We are through the first quarter of 2023 now and what an eventful quarter it’s been.
Particularly for BTC which had been moving into the shadow of ETH for the good part of the last two years. Barring a major surprise tomorrow, BTC would have gained 70+% for the quarter, its best quarter since Q1 2021 (Chart 1).

BTC started climbing from Day 1 of 2023 (which is also the low of the year) and was turbo charged by the problems in the US financial system this month, which we wrote about in brief (https://qcp.capital/featured-article/market-update-16-mar-23) and will cover in much more detail in next week’s release of the 6th edition of our quarterly Just Crypto publication.
Tomorrow’s large quarter-end option expiry is unlikely to provide the fireworks that other march quarter-ends have done in recent years. The speed of the recent spot move and lack of traders’ conviction have left the open interest map spread rather thinly across strikes (Chart 2).

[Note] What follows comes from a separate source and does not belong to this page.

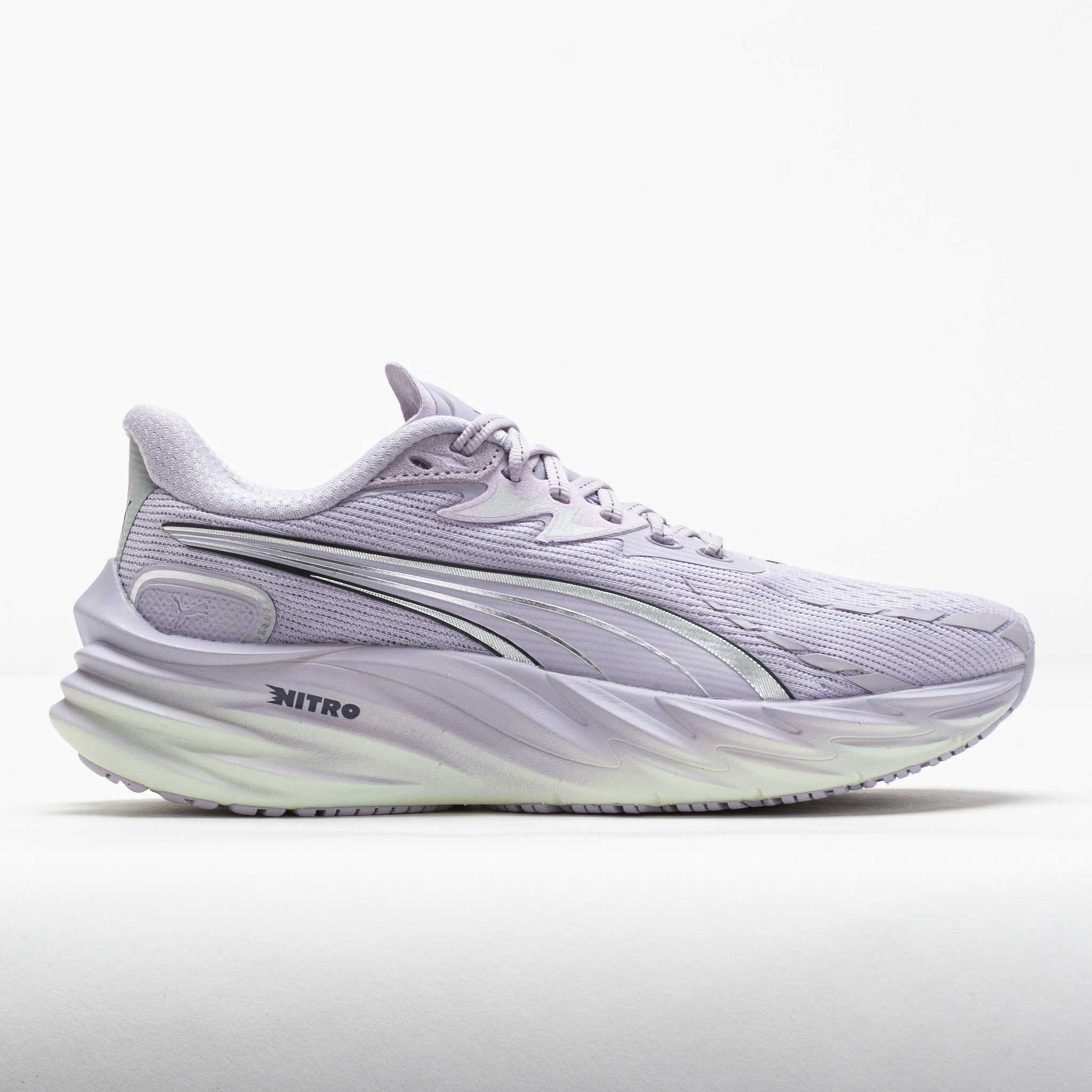 Unleash your inner speed in the PUMA Velocity Nitro 4! Comfortable at any pace, this neutral running shoe handles tempo sessions, recovery days and everything in between. Enjoy a secure fit while you sprint in the engineered mesh upper. A full-length NITRO midsole offers a light and responsive ride, while the PUMAGRIP outsole provides multi-surface traction. From the treadmill to the track, the versatile PUMA Velocity Nitro 4 thrives on any surface! What's New? - The PUMA Velocity Nitro 4 is lighter than its predecessor, improving responsiveness to reach the runner's high. - Mesh upper improves breathability to keep you comfortable. - Full-length NITROFOAM™ midsole adds responsiveness for a more agile ride. Who's it for? - Neutral runners searching for a versatile daily workhorse that can handle various running workouts. Shoe Technology Upper: Engineered knit upper provides stretch and breathability. PWRTAPE reinforcements create a secure and durable lockdown. Made with at least 30% recycled materials for sustainability. Midsole: NITROFOAM™ offers explosive energy return for an effortless ride. Outsole: Durable PUMAGRIP rubber provides multi-surface traction. PRODUCT SPECIFICATIONS - Support: neutral - Color: Lilac Crush/Sage Frost - Forefoot Height: 26mm - Heel Height: 36mm - Offset: 10mm - Weight: 6.9 Ounces (Size 8) - Item #: 043524 - Style #: 311141-11

We are positioning ourselves short vol into tomorrow’s expiry, expecting sellers to come in ahead of the big expiry roll tomorrow, and before buyers step in again next week.
Markets have largely brushed off the CFTC-Binance civil suit and we tend to agree. It is likely go the same way as a suit against Bitmex a few years back where a large settlement was reached to conclude the affair.
In any case, the multiple open US government vs. Crypto lawsuits are almost impossible for markets to price or time, and we believe markets will only react once the final decision is imminent.
What matters more in the near-term will be data coming out of the US, which we expect will finally start showing sure signs of a slowdown, beginning as early as next week.
How BTC will perform in the coming US recession to come is the biggest question mark for us – with a recession so far an unproven event in BTC’s short 14 year history.
Price-wise all the easy work is now done, and we have gotten to the hard work zone for bulls.
Firstly, Q2 tends to be a difficult quarter for risk markets, crypto notwithstanding.
And BTC has finally reached the lower-end of our long-term resistance zones.
This zone of multiple thick resistance levels extends from the 23.6% Fibonacci retracement at 28k all the way to the 39.2% Fibonacci retracement just above 35k (Chart 3).

ETH looks decidedly less bullish than BTC, and continues trading in its consolidation triangle, with the top of the triangle coming in around last week’s 1880 high (Chart 4).

We like selling ETH calls at these levels, especially the 1 month 1900 strike, and 3m 2000 and 2200 strike.